A number of grant-funded projects that have been trying to develop novel recycling or remanufacturing processes have been surprised, and even hampered by legislation or by the way the waste battery market operates commercially. This article will try to outline some of the ways in which legislation impacts (either positively or negatively) the re-use and recycling of batteries that reach the end of their life in an application.

One key issue that has come to the fore in recent years is that whilst the technological developments of batteries (new chemistries and applications) and the development of markets for them move very quickly, legislative changes to provide necessary controls move extremely slowly – to the extent that there is a risk that technological innovation could be stifled by slow-moving inappropriate legislation.

In the UK there are more than 14 separate pieces of legislation that may impact those who work with batteries on a professional basis at some level, but three of these are more battery-focused than the others, and it is these I will focus on. They are:

  • The Batteries Directive (1) (There have been a number of further directives since this first one that have refined and amended the initial legislation (25))

  • The Hazardous Waste Regulations (611)
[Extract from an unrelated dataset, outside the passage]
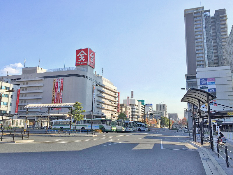 駅北口の複合ショッピングモール「パルティ・フジ坂」。(2025.11)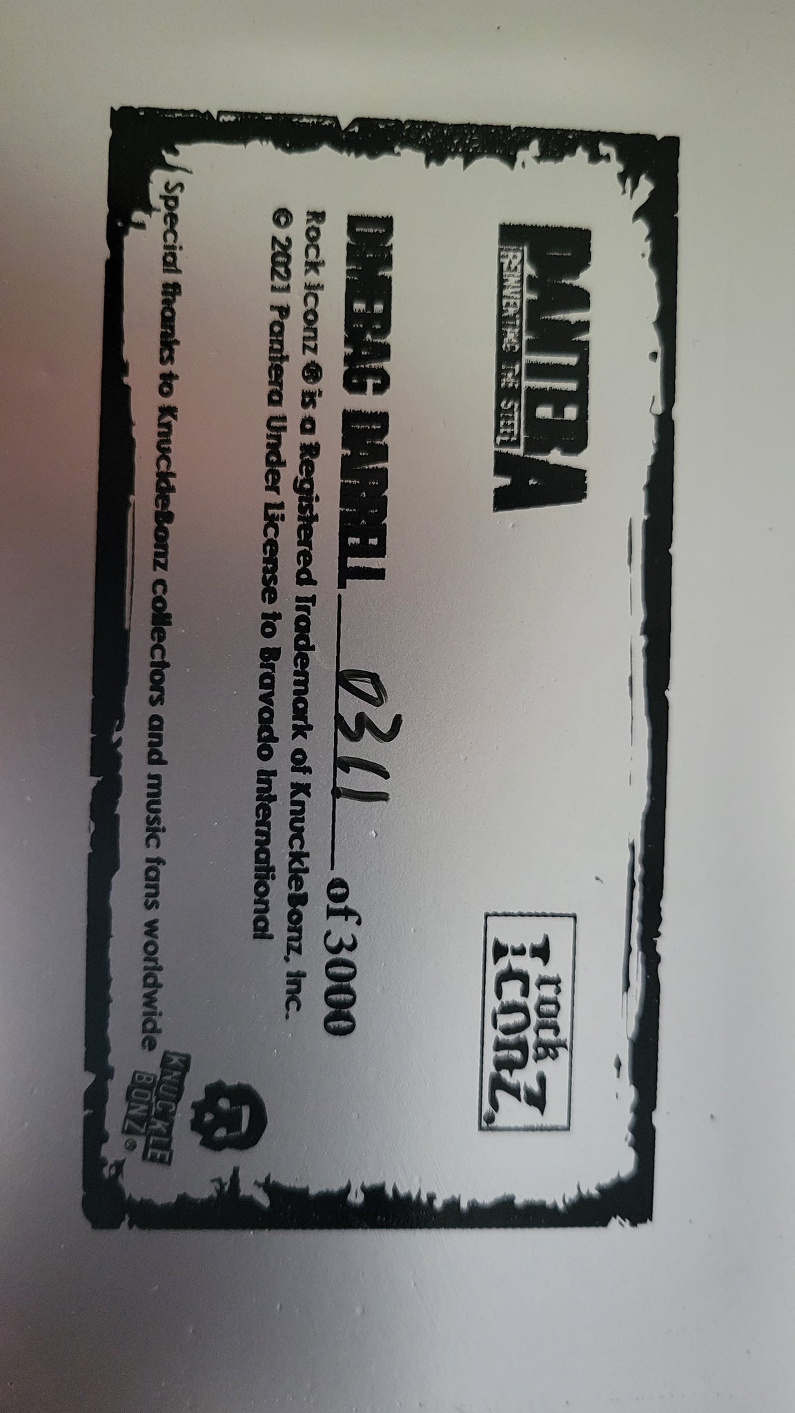 Knucklebonz Rock Iconz  2021 Dimebag Darrelll - Pantera. New Never displayed Inspected and Photographed certificate #311 of 3000... Only  pieces created and sold worldwide and SOLD OUT. All Rock Iconz statues are officially licensed, limited edition collectibles. Each piece is hand-crafted. This is a fine-arts process where each statue is hand-cast, painted and numbered. These statues are created in 1/9 scale, making the average height of each approximately 8.5” tall and each statue comes with a certificate of authenticity on the base of the statue.

  • European Agreement concerning the International Carriage of Dangerous Goods by Road (ADR) and the Carriage of Dangerous Goods Regulations (1217).

Battery legislation varies widely across the world, and even within Europe where the Batteries Directive set out to unify the environmental aims across all Member States, there are differences in legislation from country to country. There is insufficient space in this article to provide any insight into the very many different regimes of battery regulation, and so I will focus mainly on Europe-wide requirements, and in particular how the UK has addressed these.

The Batteries Directive

The principles of the Batteries Directive are quite straightforward:

  • it applies the principles of Producer Responsibility – so that the producers of batteries are made responsible for meeting any costs of collection and recycling when the batteries they produce become waste

  • it sets targets for the collection of (portable) batteries

  • it sets targets for the quality of recycling that must be achieved when waste batteries are processed – known as the Recycling Efficiency.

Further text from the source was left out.